When we were kids dad paid an old man named Mr. Eckstein to give us tennis lessons. I think I only ever went to one of them, maybe two. Mr. Eckstein was quite old. He lived alone in the motel like little houses behind the Quicktrip. I didn't know much about him but he was pretty good at tennis. He played with a wooden racket and though he couldn't really move around the court, he'd just stand in the middle and hit the ball back no matter where we hit it from. He used to be a pro of some kind. He'd teach us how to grip the racket, how to swing with a straight elbow. Occasionally a string of drool would slip down from his cheeks and he'd slowly wipe his wrinkled hand across his bottom lip to catch it. At some point later, maybe about seven or so years, he fell and broke his hip and got put into an old folks home. One day my dad took me there to visit him. This was a thing my dad did, always talking about how important it was to visit people when they were alone or sick, how important it was to see your family, even if you didn't feel like going. We sat in Mr. Eckstein's room with the television on. I had nothing to say to him. At some point my dad wandered out and it was just him and I. We watched television. I might have been fourteen years old. My dad and I left and not too long after Mr. Eckstein died.  

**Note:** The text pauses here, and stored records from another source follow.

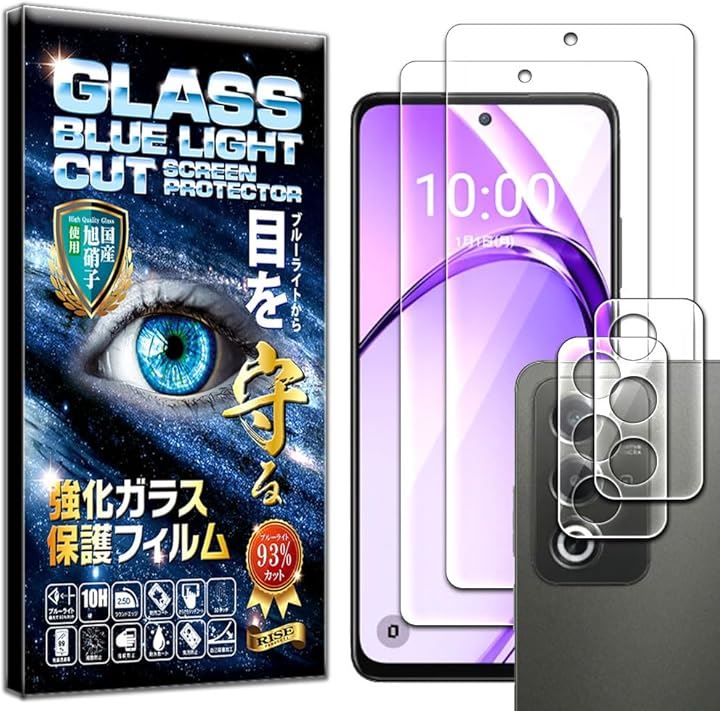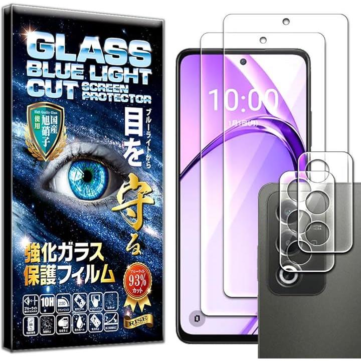RISE 2枚+2枚 フィルム OPPO A3 5G ガラスフィルム ブルーライトカット カメラフィルム レンズフィルム レンズ保護ガラス レンズカバー 保護フィルム 強化 高透過 高光沢 日本製 旭硝子 0.26mm 硬度10H 2.5Dラウンドエッジ 自動吸着 気泡ゼロ 飛散防止
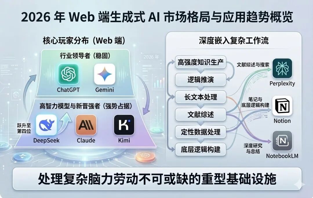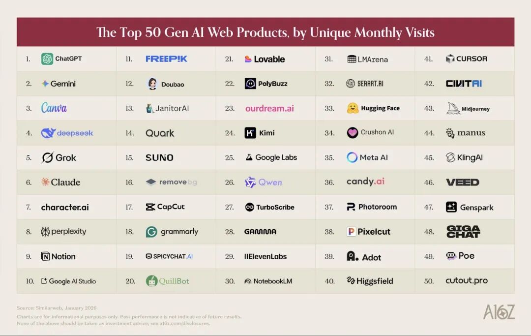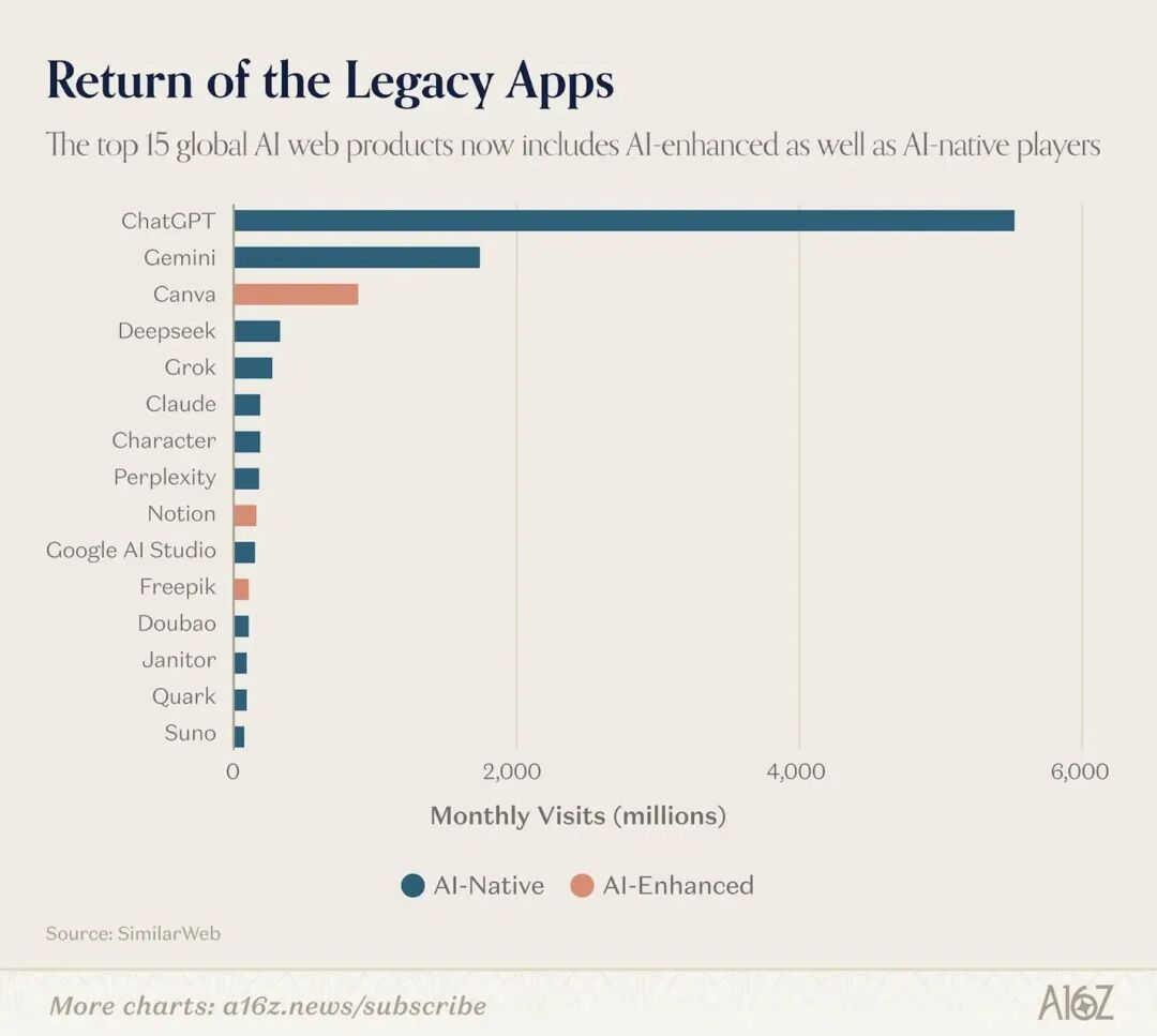 前两年有一种论调:原生AI创业公司将彻底颠覆现有的软件巨头。但2026年的数据打碎了这个神话。在月活前15的Web应用中,我们看到的不只有ChatGPT、DeepSeek这样的“AI原生”玩家,像Canva、Notion甚至Freepik这样的“AI增强”老牌劲旅同样占据高位。
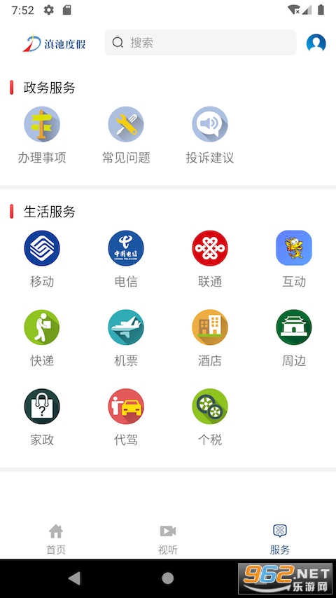 切换到服务页面,政务服务和生活服务都可以自由预约办理
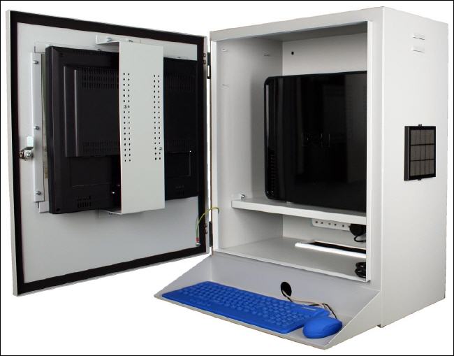 Ventajas * Alta Protección - AIT7630 le protege contra el polvo, suciedad, salpicaduras de líquidos, impactos y por supuesto contra robo y sabotaje. * IP54 - AIT7630 le ofrece un grado de protección IP54. * Flexibilidad - AIT7630 le ofrece más flexibilidad que un PC Industrial, le ahorra tiempo y dinero en reparaciones, actualizaciones, tiempos de espera por inactividad a causa de averías y reducir su factura en técnicos cualificados. * Alta seguridad - Gracias a su chapa de acero templado de alta calidad y acabado epoxi junto con su cerradura de seguridad AIT7630 le garantiza totalmente contra ataques. * Tecnología - AIT7630 le permite ser totalmente independiente y no depender de ningún software concreto ni hardware especial como PC´s Indutriales. Siempre podrá instalar la última tecnología tanto en hardware como software. * Larga vida a los equipos instalados - AIT7630 es una alternativa más económica que la instalación de PC´s industriales además de la gran ventaja de disponer de un armario para toda la vida gracias a su capacidad de reutilización. * Total garantía - Garantía de 5 años en todas las partes mecánicas además de una experiencia de más de 20 años.
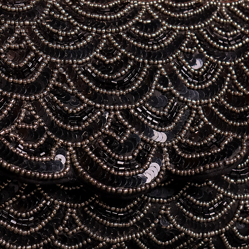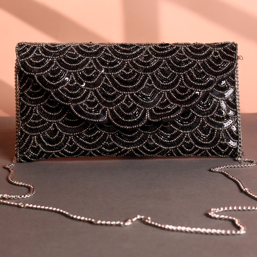Add a touch of starlit glamour to your ensemble with this Midnight Sparkle Black Beaded Clutch. Featuring an elegant scallop wave design crafted with silver beads and shimmering sequins on a rich black base, this clutch radiates sophistication and celebration. The silver chain strap adds to its luxe appeal, making it perfect for receptions, night parties, or upscale soirées.This chic accessory is your go-to for black-tie events, wedding functions, and festive evenings where subtle shine and classic contrast make all the difference.
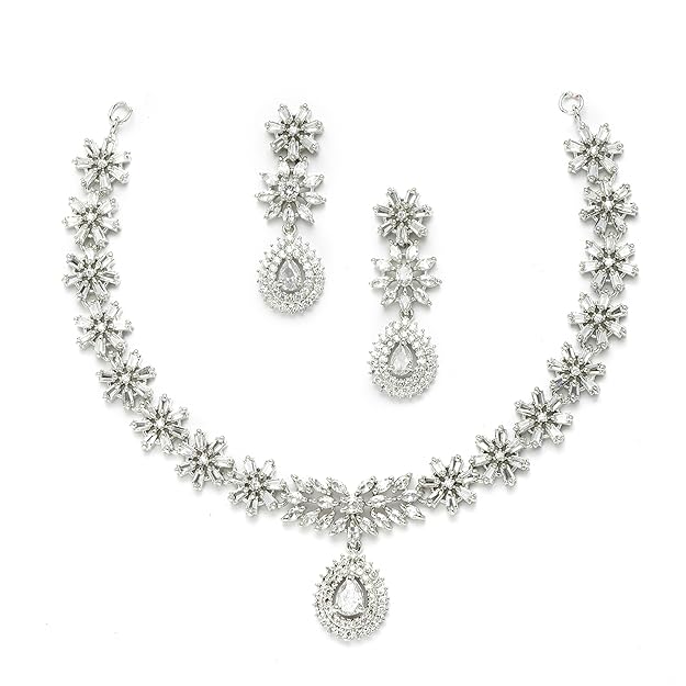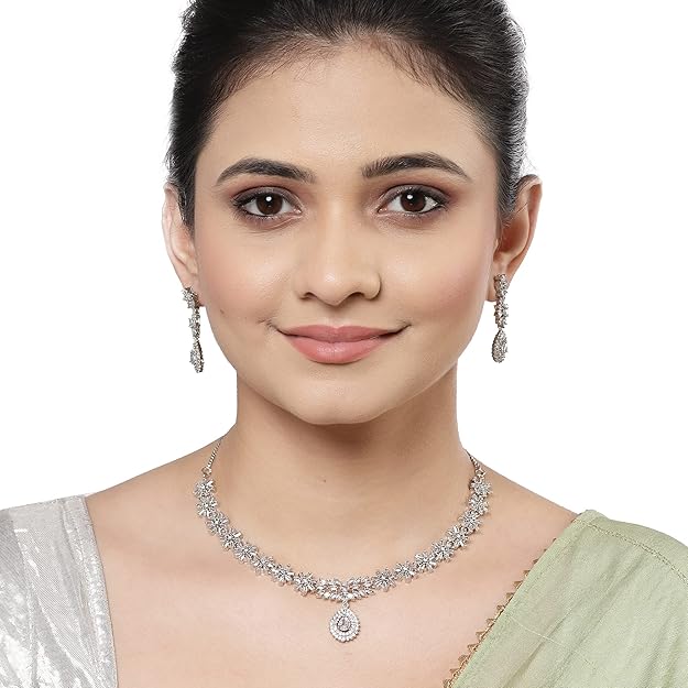 Item type name Rhodium-Plated with Silver-Toned Floral Design White American Diamond Studded Jewellery Set
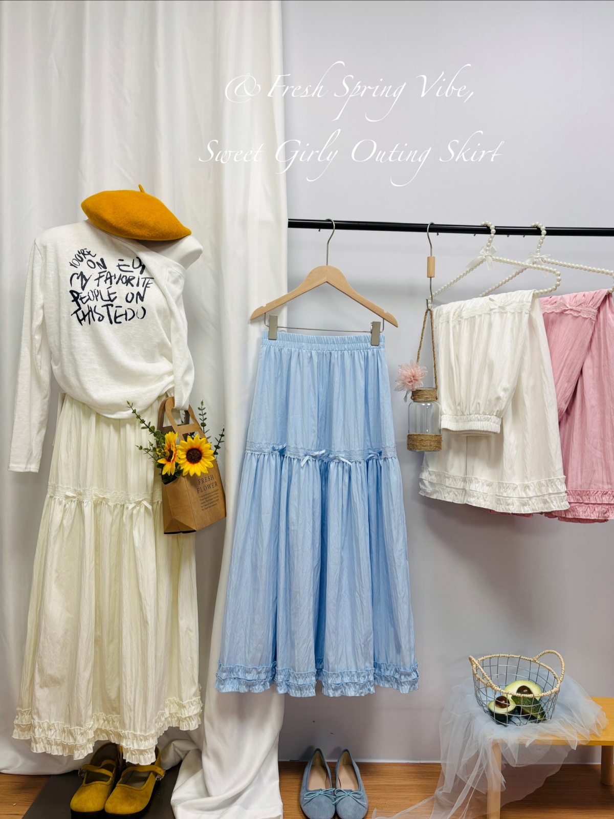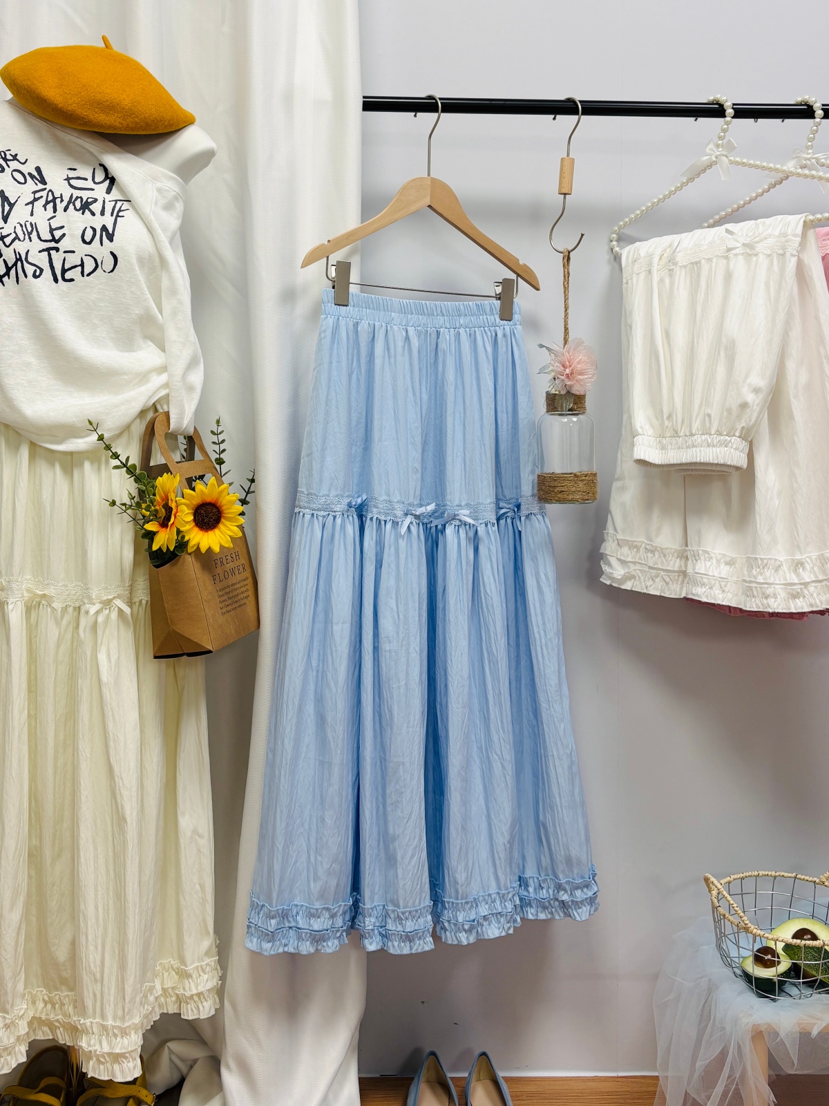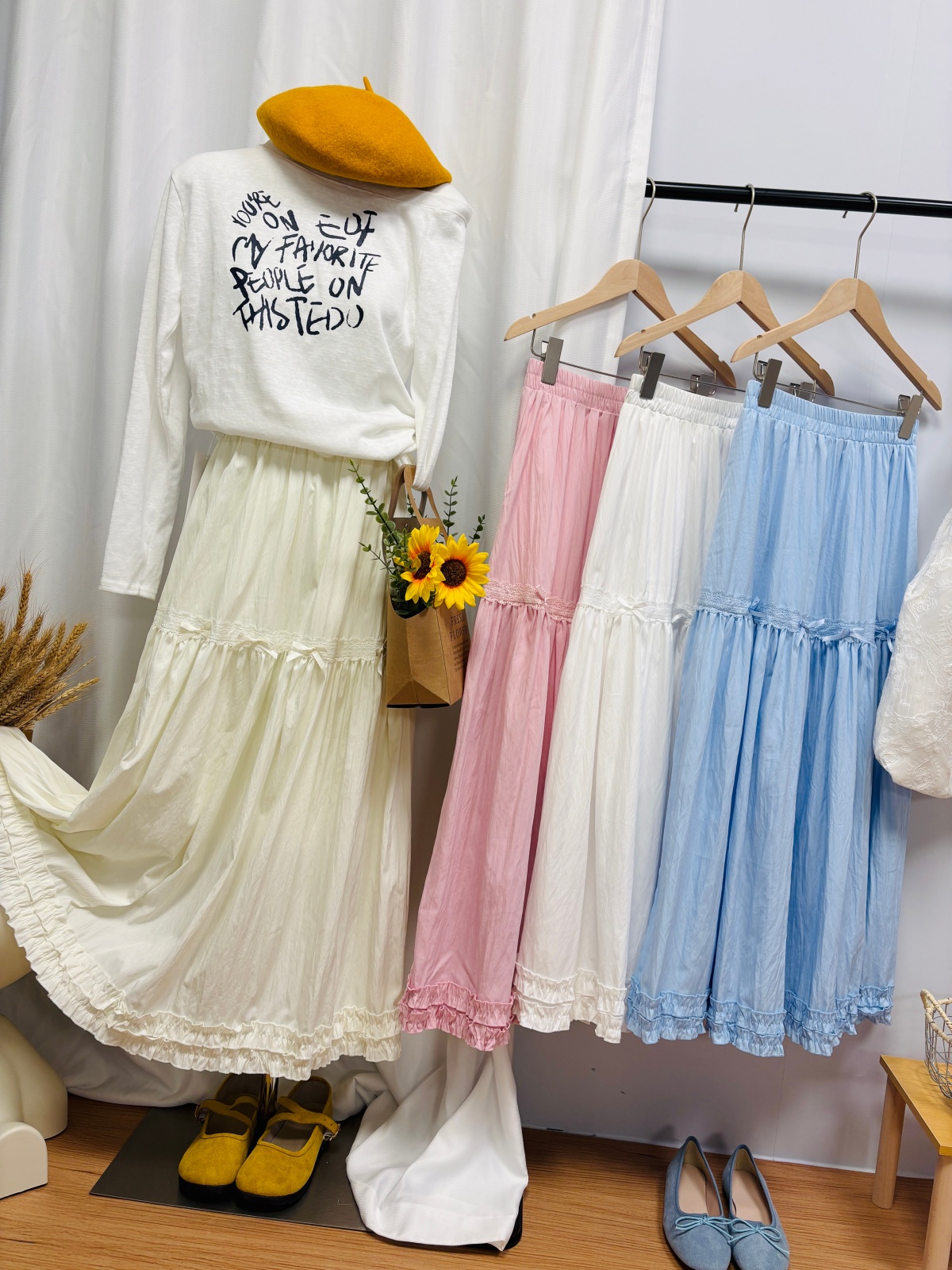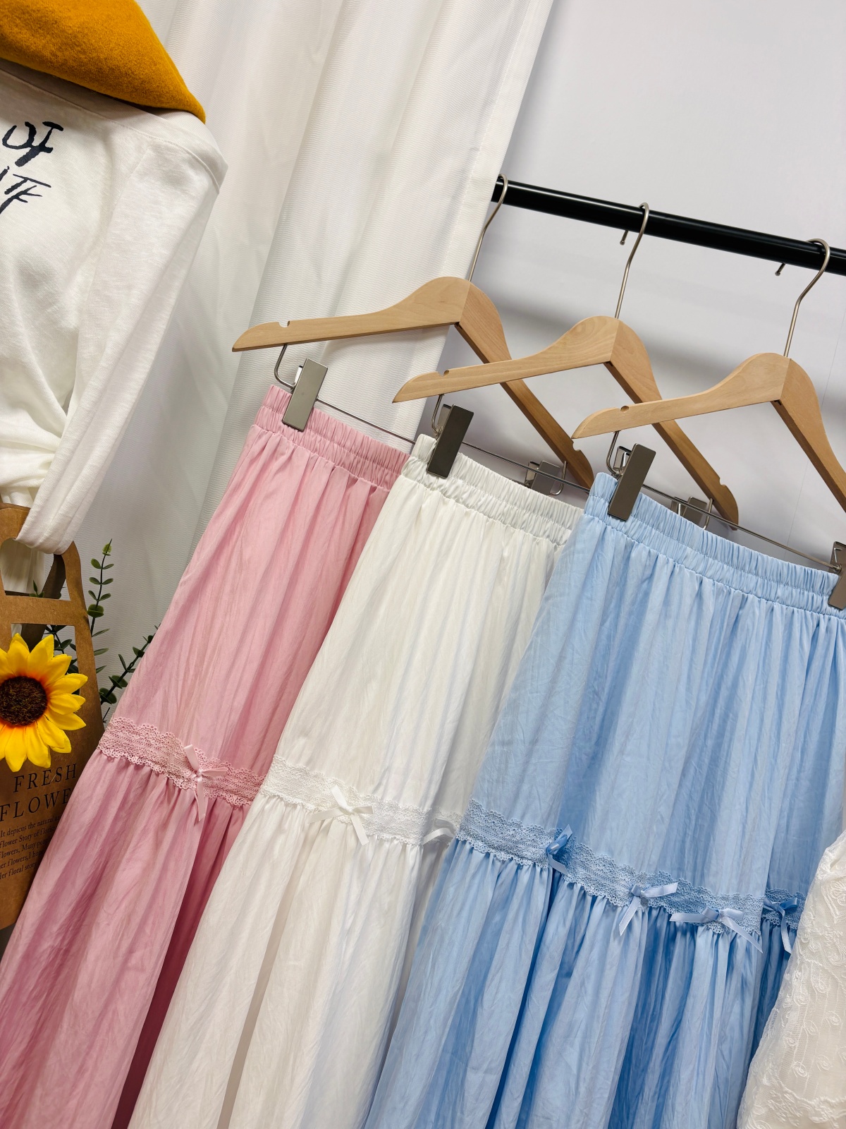 实拍 夏季新款韩系蕾丝花边蝴蝶结拼接蛋糕裙甜美木耳裙边半身裙

I always wondered what my dad's relationship was with folks like Mr. Eckstein, how it came about that he gave us tennis lessons. Or rather, given my brother and sister tennis lessons. I wasn't really into tennis and I didn't have much of a relationship with Mr. Eckstein, not that I said this to my dad. Or my dad's relationship with an old lady named Florence that we'd go out to dinner with in Dodgeville on Mondays. I don't know who she was or why we spent so much time with her. She wasn't someone who watched after us kids and wasn't someone we were related to. She had a blue Chevy Nova hatchback that sat in her driveway and a police scanner what I'd ask to turn on if we had to sit in her quiet living room while her and my dad chatted about things I couldn't follow. She'd always laugh at something my dad said and say, "Ohhh, Bob" and a thick Wisconsin accent. I wonder what my dad was doing. Why we were there. Who these people were to him and if there was some plan as to what kinds of relationships he was trying to help us build. If he was acting as a kind of emissary of anti-loneliness. Always talking, driving around and talking to people. It was important, he'd insist. It's important to say hello.